Article in English | Scopus | ID: covidwho-1919615

ABSTRACT

This study aims to carry out a cross sectional study of how a state’s majority political affiliation, vaccine hesitancy and exposure to misinformed news on social media affects overall vaccination rates. The target country in this study is the United States of America and the granularity of data used is on a state level. Analysis is conducted using a fusion of information from various data sources such as CDC, US Census, Twitter API. Specifically, vaccination rates are taken from CDC, hesitancy rates from US Census, the state’s political affiliation from past elections, and social media misinformation from twitter feeds. The three main study research findings are summarised as follows. First, the findings show the strong correlation between political party affiliation and vaccination rates/vaccine hesitancy rates. As a corollary, there is also a strong negative correlation between vaccination hesitancy and vaccination rates. Second state-wide vaccination mandates typically increased the vaccination rates.

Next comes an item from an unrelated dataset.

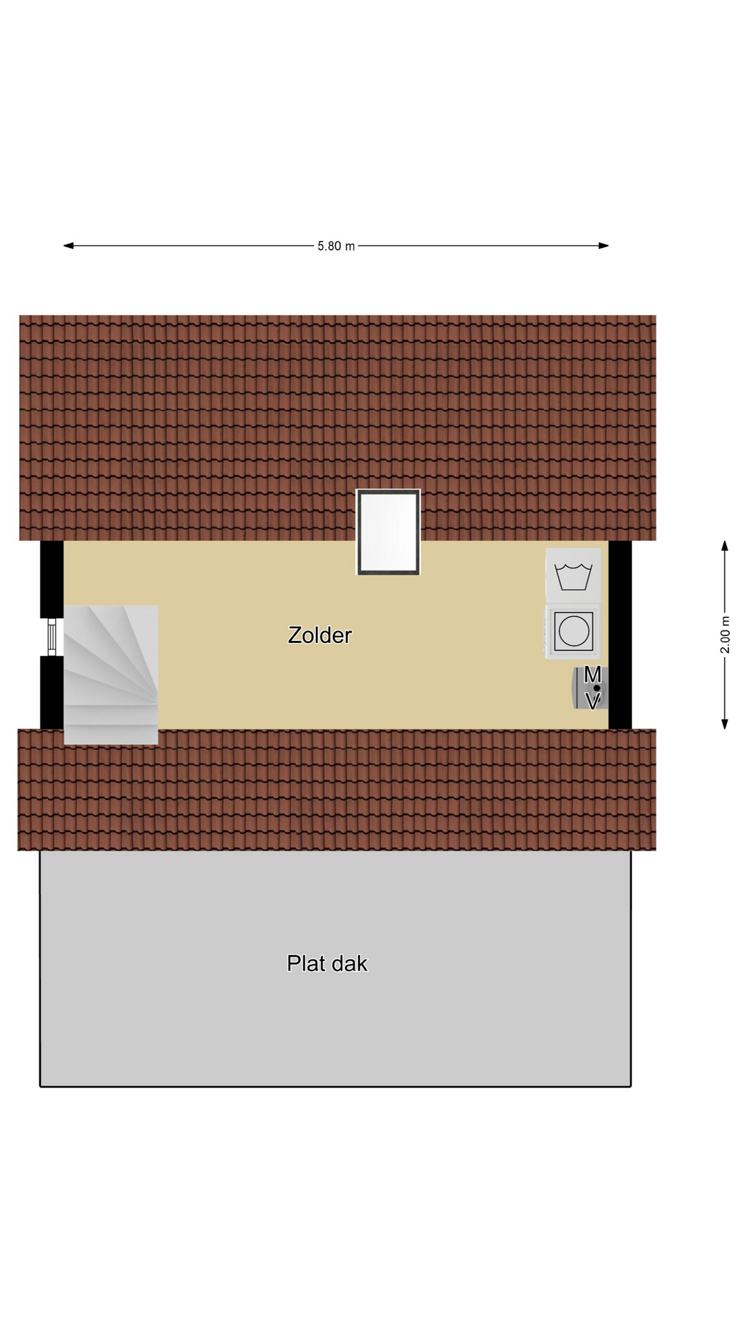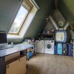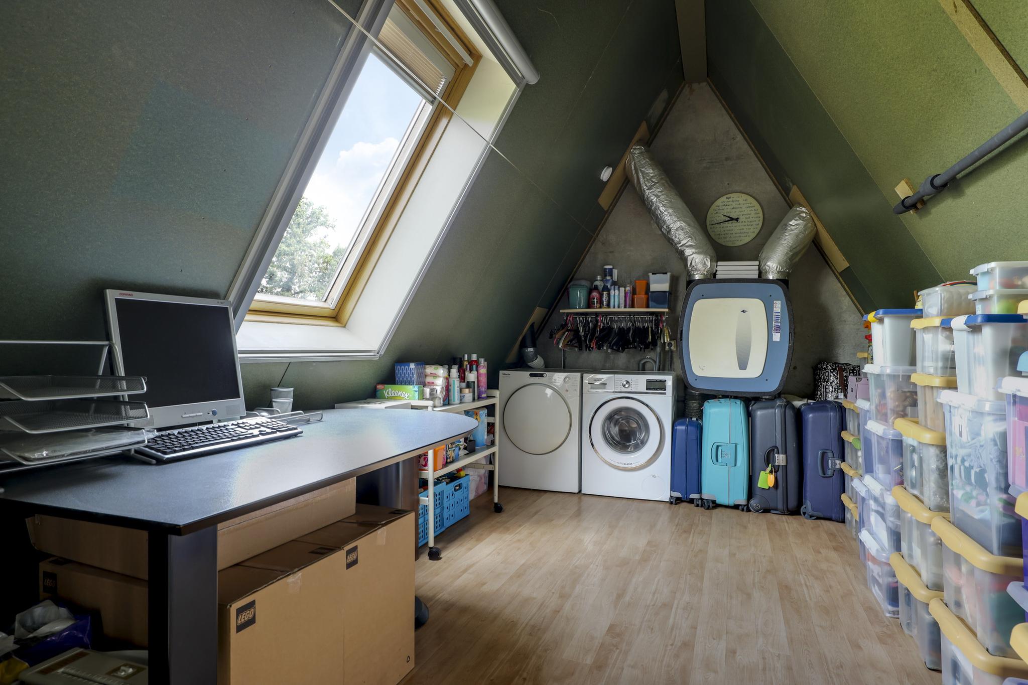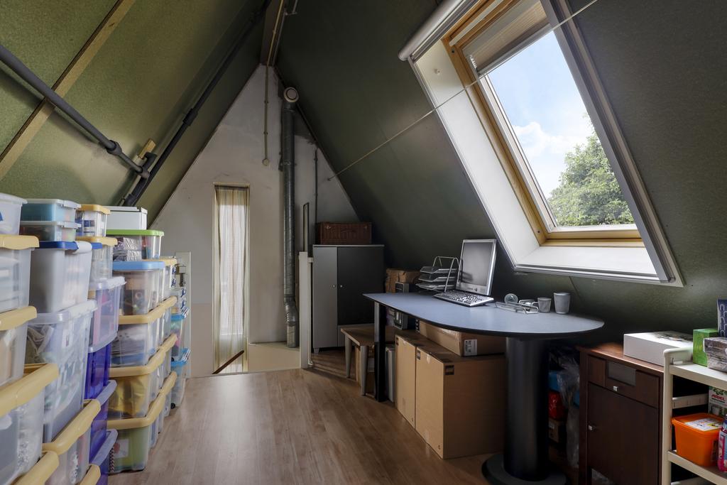 Deze woonlaag is wat smaller, maar biedt wel degelijk de mogelijkheid om een 4e (slaap)kamer te creëren. Dit zou eventueel in combinatie met een extra dakkapel kunnen (zie ook andere woningen in de straat). In de huidige setting wordt deze verdieping gebruikt als wasruimte en opslag. Op de zolder is aan weerszijden een aparte aansluiting voor de wasmachine inclusief afvoer, dit geeft de mogelijkheid voor een extra wasbak.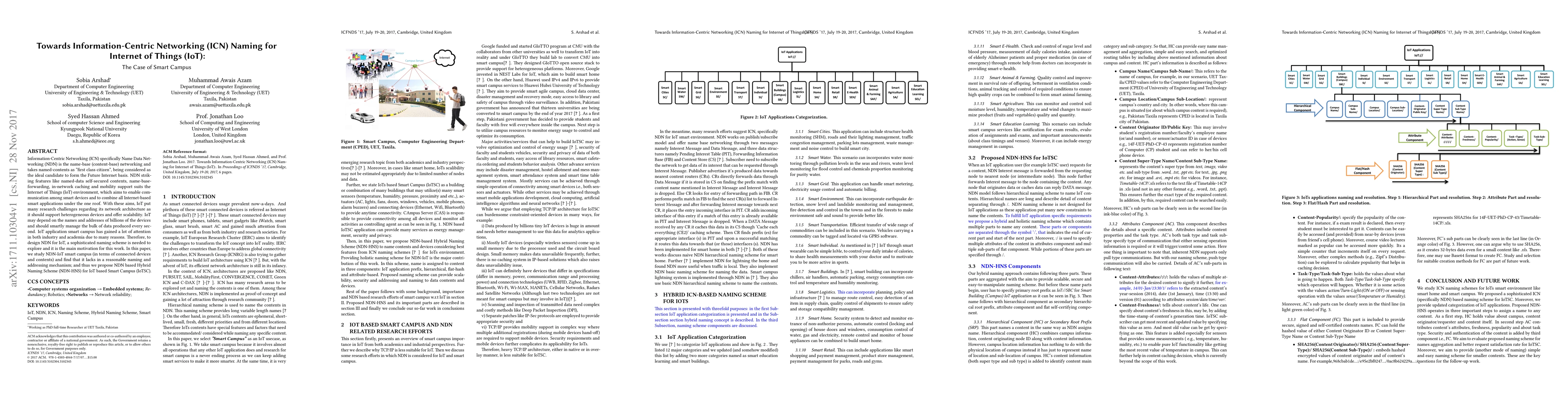 This paper explores the application of Information-Centric Networking (ICN) and Name Data Networking (NDN) to the Internet of Things (IoT) within a smart campus environment. It identifies the lack of a suitable naming and addressing mechanism in NDN for IoT and proposes a hybrid naming scheme, NDN-HNS, to address these challenges.

Interestingly, states without a state-wide mandate had similar vaccination/vaccine hesitancy rates as states who had banned the state-wide mandates. Finally, the paper shows there will always be a baseline of misinformation in social media articles. However when either (1) the average retweet or (2) the average number of followers reached per tweet crosses a certain critical mass, it will adversely affect the vaccination rate of a state. This suggests that eradicating all misinformation from social media will be counterproductive, rather it is more critical to curtail misinformation before they reach a critical mass. © 2022, The Author(s), under exclusive license to Springer Nature Switzerland AG.